DESCRIPTION OF THE TASK: Output the records below in full, word for word; pictures do not belong in it.

DATA SECTION:
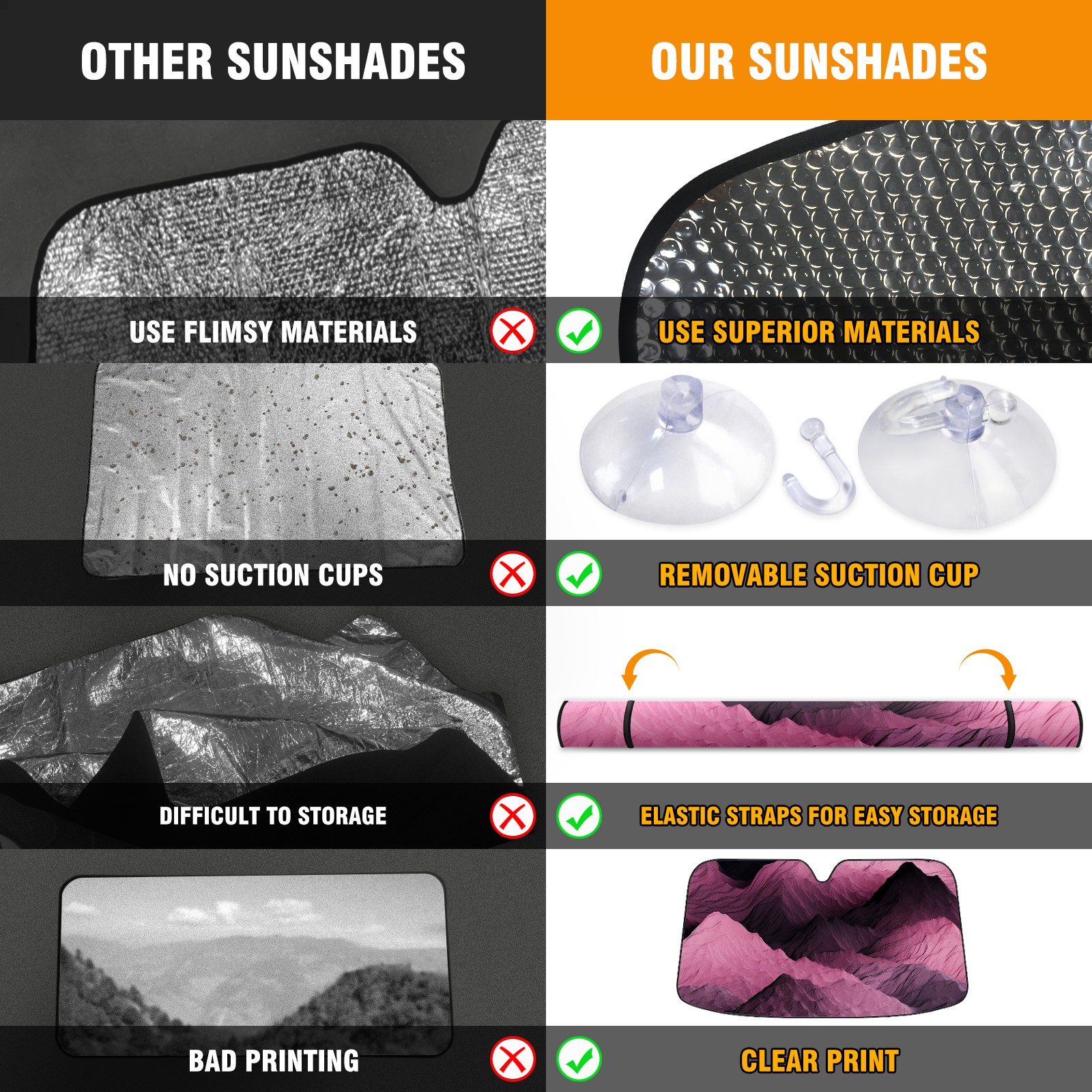 • <b>ZXIVGOQFR Foldable Premium Car Windshield Sunshade is your great solution to reduce your car’s interior temperature dramatically! This is definitely a must-have item for your summer travel! </b> <br> ●<b>Size: 63"L x 33.5"W </b> <br></b> ●<b>Blocking Uv Rays & Heat Insulation<br></b> Our vehicle sunshade provides effective UV, sun, and summer heat protection .Maintains dashboards by preventing fading and cracking <br> ●<b>Easy-To-Store Folding Design Makes Storage Convenient <br></b> ZXIVGOQFR car sunshades come with removable suction cups and elastic bands that you can install easily and quickly, and the removable suction cups will not leave any marks on your windows when removed. Within seconds, windshield visor can be installed and removed. When not in use,the front windshield can be easily and effectively placed on the door pocket or the dashboard, which is beautiful and does not take up space in the car.<br> <br> <b>PUT UP A 'PROTECTIVE UMBRELLA' FOR YOUR BELOVED CAR!</b>
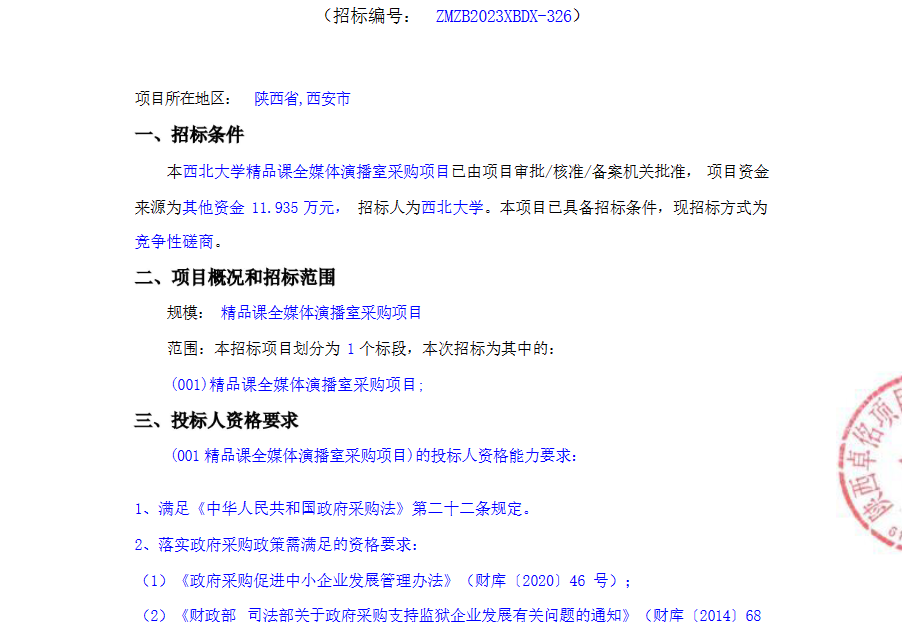 MILAN.COM精品课全媒体演播室采购项目竞争性磋商公告 作者: 编辑:采购与招标办公室 时间:2023-10-24 原公告链接:http://bulletin.sntba.com/biddingBulletin/2023-10-23/749879.html
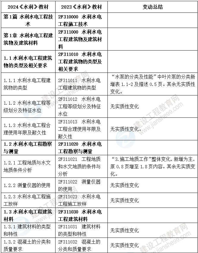 2024年二級建造師水利實務(wù)教材變動情況表預(yù)覽
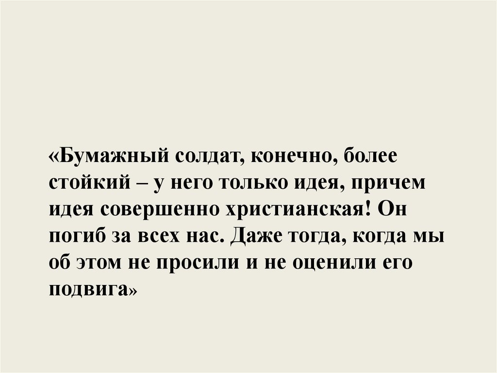 «Бумажный солдат, конечно, болеестойкий – у него только идея, причем
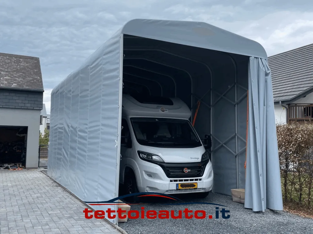 Grazie alla forma a galleria, alla struttura dedicata e al telo tecnico, puoi iniziare fin da subito a proteggere la tua auto in modo efficiente.
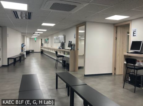 지하1층에는 E, G, H랩실이 있습니다. 지하1층 응시자대기실 모습입니다.

THE ANSWER:
 • <b>ZXIVGOQFR Foldable Premium Car Windshield Sunshade is your great solution to reduce your car’s interior temperature dramatically! This is definitely a must-have item for your summer travel! </b> <br> ●<b>Size: 63"L x 33.5"W </b> <br></b> ●<b>Blocking Uv Rays & Heat Insulation<br></b> Our vehicle sunshade provides effective UV, sun, and summer heat protection .Maintains dashboards by preventing fading and cracking <br> ●<b>Easy-To-Store Folding Design Makes Storage Convenient <br></b> ZXIVGOQFR car sunshades come with removable suction cups and elastic bands that you can install easily and quickly, and the removable suction cups will not leave any marks on your windows when removed. Within seconds, windshield visor can be installed and removed. When not in use,the front windshield can be easily and effectively placed on the door pocket or the dashboard, which is beautiful and does not take up space in the car.<br> <br> <b>PUT UP A 'PROTECTIVE UMBRELLA' FOR YOUR BELOVED CAR!</b>
 MILAN.COM精品课全媒体演播室采购项目竞争性磋商公告 作者: 编辑:采购与招标办公室 时间:2023-10-24 原公告链接:http://bulletin.sntba.com/biddingBulletin/2023-10-23/749879.html
 2024年二級建造師水利實務(wù)教材變動情況表預(yù)覽
 «Бумажный солдат, конечно, болеестойкий – у него только идея, причем
 Grazie alla forma a galleria, alla struttura dedicata e al telo tecnico, puoi iniziare fin da subito a proteggere la tua auto in modo efficiente.
 지하1층에는 E, G, H랩실이 있습니다. 지하1층 응시자대기실 모습입니다.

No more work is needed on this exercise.